I am sitting on a patio looking at another patio I am helping construct for a special friend. I’ve never built a patio before. One can always learn something new. I worked hard this morning on the project and felt the sweat and grind that comes from manual labor. I need more of this in my life.

Soon, this friend is driving the length of Oregon to investigate a possible opportunity to help me reinvent myself. That’s a long way to drive for someone. Who knows if the opportunity will pan out, but I’ll never forget this friend’s drive. It reminds me of what Werner Herzog did for his friend in Of Walking in Ice when he walked to from Munich to Paris in the early 1970s in the middle of winter because his friend was ill. It’s one the greatest books ever written and I urge people to find it, although it is almost impossible to find. Reading it for the first time changed my whole idea about what writing can achieve.

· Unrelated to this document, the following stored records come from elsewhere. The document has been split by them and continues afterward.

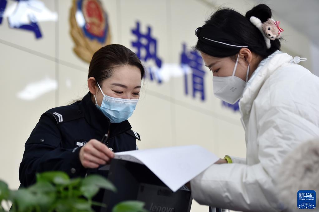 1月10日,在石家莊市公安局鹿泉分局戶(hù)政服務(wù)大廳,女警為前來(lái)辦理戶(hù)籍業(yè)務(wù)的群眾提供服務(wù)。
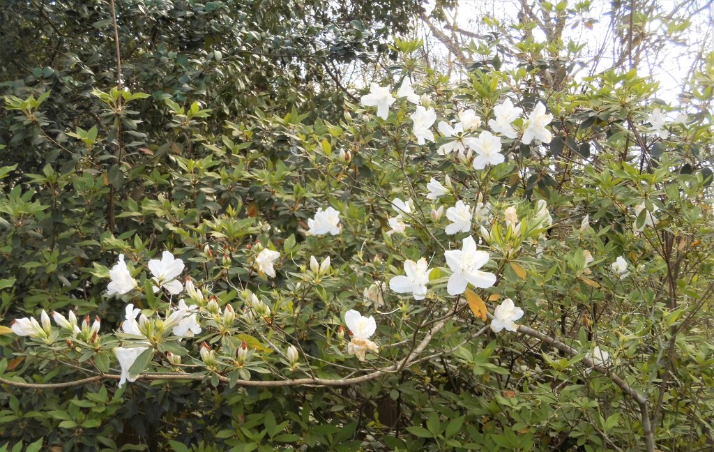 I have seven or eight of these white Mrs. G.G. Gerbing azaleas. They tend to be a little later than the others, especially in my north-facing front yard.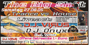 DJ.Virus (Blutonium Records), DJ.Onyx (Ravers United) und dem Newcomer DJ.Wab (Trance United) werden im Bajazzo Club in Villingen die Partygemeinde aus dem Schwarzwald und Umkreis zum kochen bringen. Für den Flüssikeitsverlust der wütenden Tanzgemeinschaft ist auch gesorgt. Alle offenen Getränke sind für 1€ zu haben. Wer kann dazu schon nein sagen |

I’m reading Jack Kerouac’s Dr. Sax and going nowhere with it. Nowhere. It’s more of an archaeological experience that a literary one. It’s sixty years old but feels more dated than something by Dickens.

I wonder if anyone in Oregon will be reading my book about rain, Of Walking in Rain, 60 years from now.

I’m also reading a thousand-page biography of one my heroes, Arthur Ashe, the African American tennis champion, who died from AIDS (from a blood transfusion) in 1993. It is inconceivable to imagine what he experienced in the segregated south of the 1950s and 1960s as he moved up the tennis rankings. Then, of course there was his advocacy against apartheid in South Africa and his pioneering work to destroy that racist system. And of course, there was his cool, unflappable demeanor on court, which stood in such contrast to the asshole antics of Nastase, Connors and McEnroe. I wish I would have emulated Ashe’s style in my tennis-playing youth, but I did not. Most of us succumbed to the assholes’ way of comporting themselves. I like to think I’ve learned the Arthur Ashe Lesson in Life, in my writing and personal and political lives. It’s going to serve me will during this reinvention. It would serve a lot of other Americans well to comport themselves like Ashe in the days of social media and President Trump. It’s so easy to be arrogant and demeaning. It takes stamina and concentration to be deliberate in life.

Birds and squirrels are all around me. Deer lurk on nearby lawns. I see a quail feather stuck among branches in a burn-pile ready to be set off into a clear night. I might let it off tonight and think around the fire.